Software for analyzing global family-based association studies

Penalized linear mixed models for correlated genetic data with application to orofacial clefts

Summary

Oral cleft research was limited by the inability to fully analyze a complex multinational genetic dataset due to the absence of appropriate statistical tools. My role involved developing a custom statistical methodology capable of handling this intricate data structure. I rigorously tested and refined this method through simulations and then built a robust, open-source R/C++ software package for its practical application. The successful analysis of the dataset with this software provided valuable new insights into the genetics of oral clefts, contributing to the ongoing effort to understand, prevent, and treat these conditions.

Humanizing the project - meeting the participants

One unremarkable day of my doctoral work, I recognized something extraordinary about this dataset: Colombia was the country with the most representation in the study. Yes, Colombia had the most participants, hundreds more than the US. Which is astonishing, given that globally there is precious little genetic data representing Latin American populations. Less than 2% of GWAS data represent people of Hispanic or Latin American ancestry. I marveled at how the directors of the grant had managed to collect such rich data from a Colombian population. I wondered: was there a large research hospital in Colombia’s capital that was an exceptionally productive data collection site? It was in pursuing this question that I encountered the work of the Clínica Noel – a relatively small hospital, not in the national capital, providing exceptional treatment for children and hope for their families. This hospital was the leading recruitment site for the genetics study I was researching. I was so deeply moved by what I read about the Clínica Noel’s work that I determined that I had to go.

This was much deeper than one doc student’s desire for adventure. This was a principled decision, borne out of the need to humanize the genetic data. In my deeply computational work, I had lost the humanity of the data. Somewhere in the R/C++ code, I had forgotten that the purpose driving this work was really about children and their families.
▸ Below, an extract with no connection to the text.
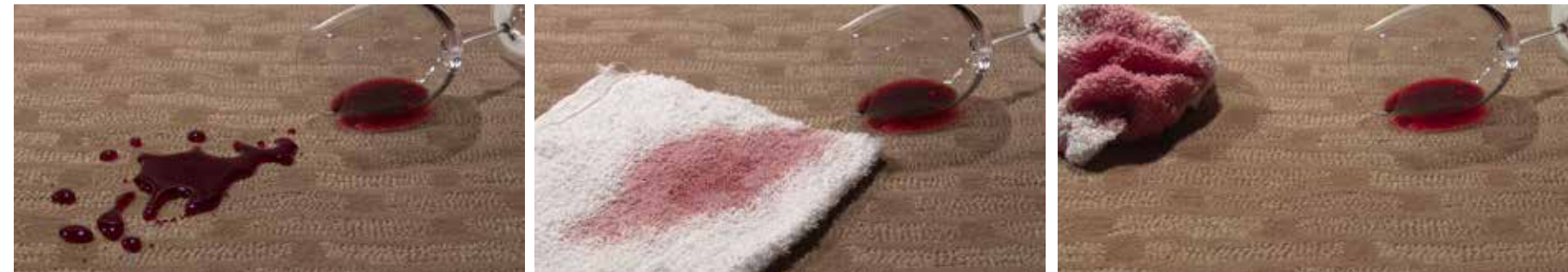
Bilderna: Spill på behandlad matta eller textil tas enkelt bort med absorberande trasa eller papper.

ELLEN FRANCKE, ADMINISTRATIONSCHEF, HANDELS- OCH SERVICENÄRINGENS HUVUDORGANISATION

Reading the Clínica Noel website brought me near tears, seeing the stories of parents who found hope for their kids. Seeing the children’s smiles. Reading stories of children who received cleft lip/palate treatment at the Clínica Noel years ago, and then had grown up to become surgeons and specialists who serve in that clinic today.

Through the directors of the grant, I was able to contact some of the cleft care specialists at the Clínica Noel. We discussed the potential for a qualitative, community-based research project with the goal of humanizing the genetic research – that is, humanizing in the sense of integrating the elements of human personhood. We wanted to include participating families’ stories, experiences, and questions into the genetic research. Our idea became a grant that was funded for the 2024-2025 academic year by the Fulbright research program. I lived in Medellín for 7 months of that academic year conducting this research with my colleagues from the Clínica Noel, and it was a privilege to be a part of the work the clinic is doing.

There is a YouTube video capturing a lecture I gave at the Clínica Noel about our research. An article detailing our work in the Clínica Noel is in preparation.